Your objective >>
Leave the pictures out and restate each entry below word for word.

Given records >>
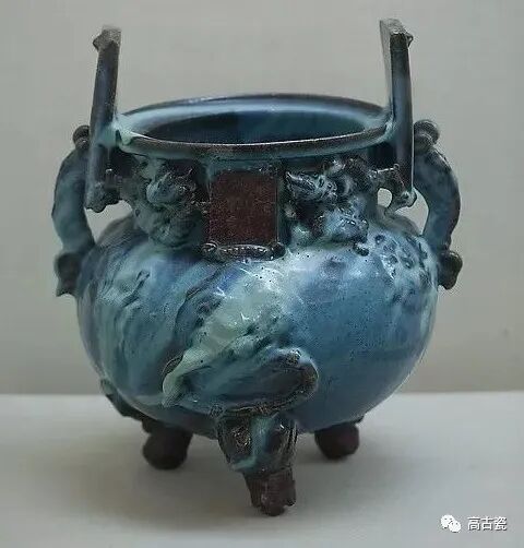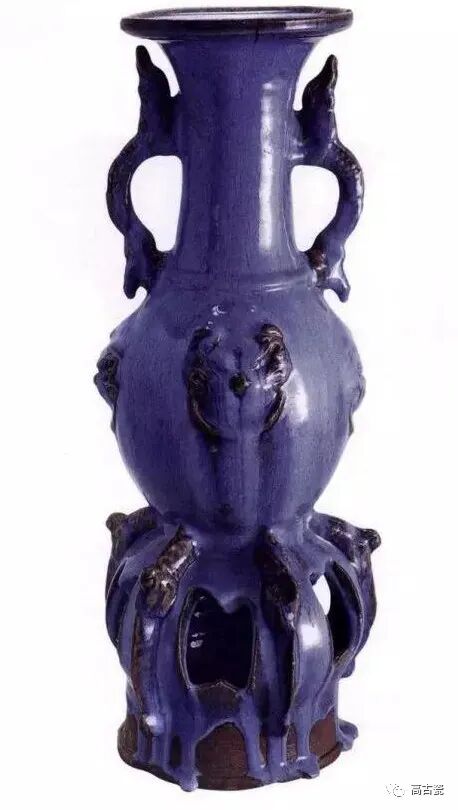 国家博物馆藏钧窑贴花螭耳连座瓶,为元代典型,流行一时;其釉色艳蓝,超出一般钧窑的表达能力,这件作品也是早年出土于内蒙古呼和浩特,可见蒙古人那时对它的热爱。
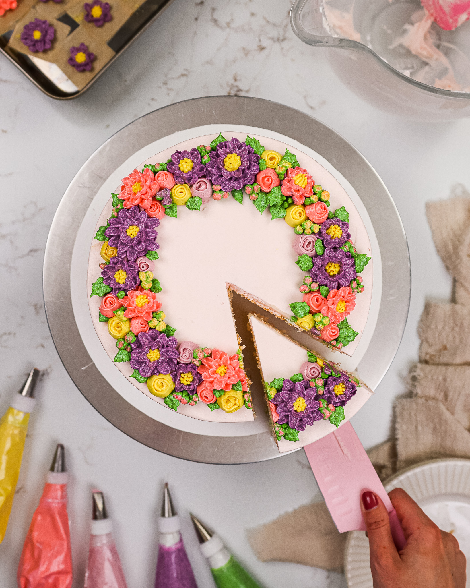 学习如何做这个华丽的奶油淇淋花蛋糕!它用温柔的香草蛋糕层磨砂和美味的自制奶油乳酪。
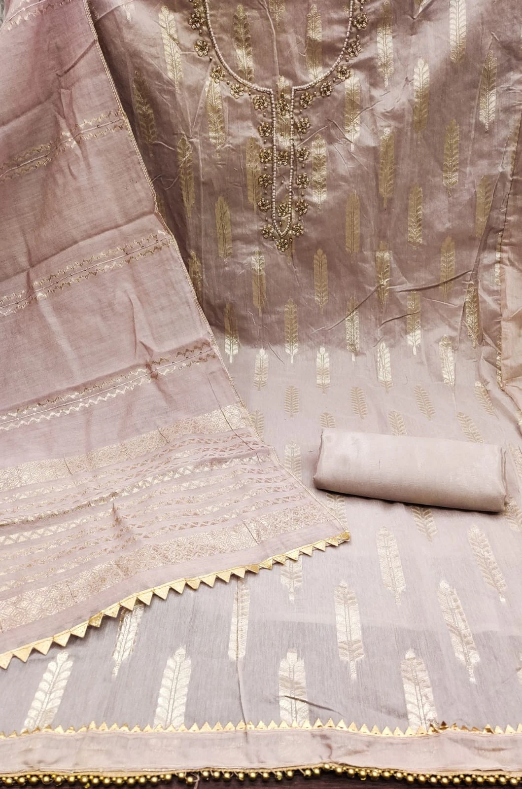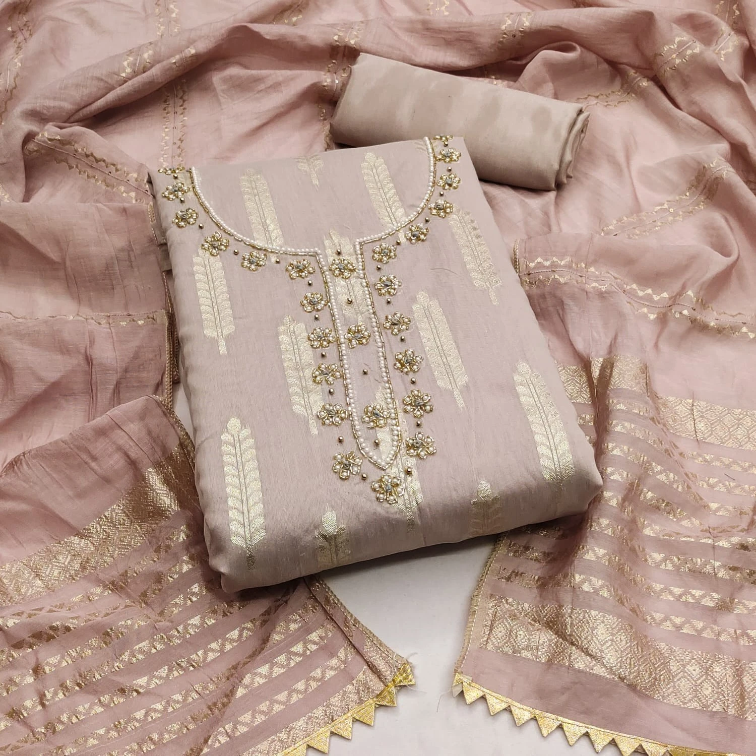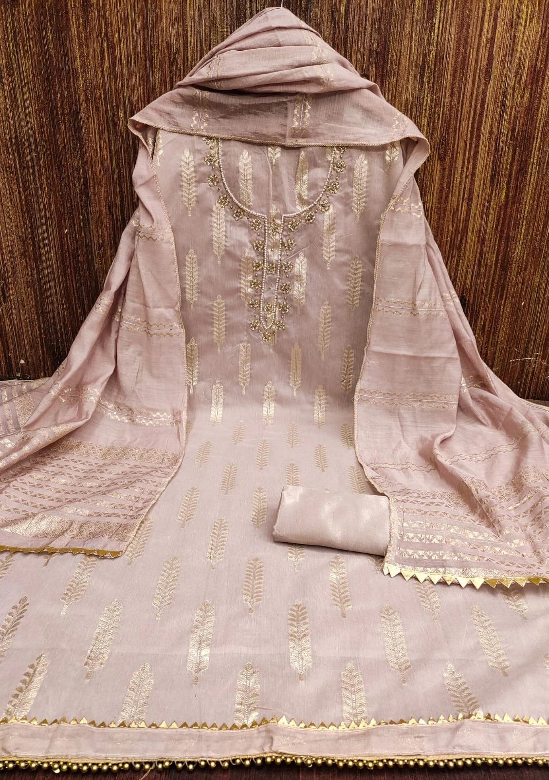 Elevate your ethnic wardrobe with our Banarasi Jacquard Dress Material in light brown, and make a statement at weddings, festivals, or special gatherings.
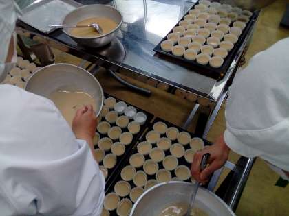 ういろうは日本で昔から食べられている和菓子の一つです。米粉と黒砂糖・砂糖をまぜて,スチームコンベクションオーブンで蒸して作りました。
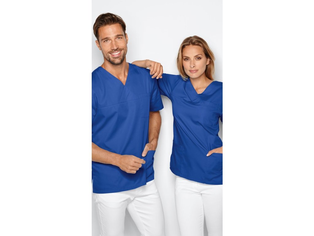 - Univerzální design: Klasický unisex střih, který je vhodný pro všechny pracovní týmy, lékaře, sestry a další zdravotnický personál.

Reply >>
 国家博物馆藏钧窑贴花螭耳连座瓶,为元代典型,流行一时;其釉色艳蓝,超出一般钧窑的表达能力,这件作品也是早年出土于内蒙古呼和浩特,可见蒙古人那时对它的热爱。
 学习如何做这个华丽的奶油淇淋花蛋糕!它用温柔的香草蛋糕层磨砂和美味的自制奶油乳酪。
 Elevate your ethnic wardrobe with our Banarasi Jacquard Dress Material in light brown, and make a statement at weddings, festivals, or special gatherings.
 ういろうは日本で昔から食べられている和菓子の一つです。米粉と黒砂糖・砂糖をまぜて,スチームコンベクションオーブンで蒸して作りました。
 - Univerzální design: Klasický unisex střih, který je vhodný pro všechny pracovní týmy, lékaře, sestry a další zdravotnický personál.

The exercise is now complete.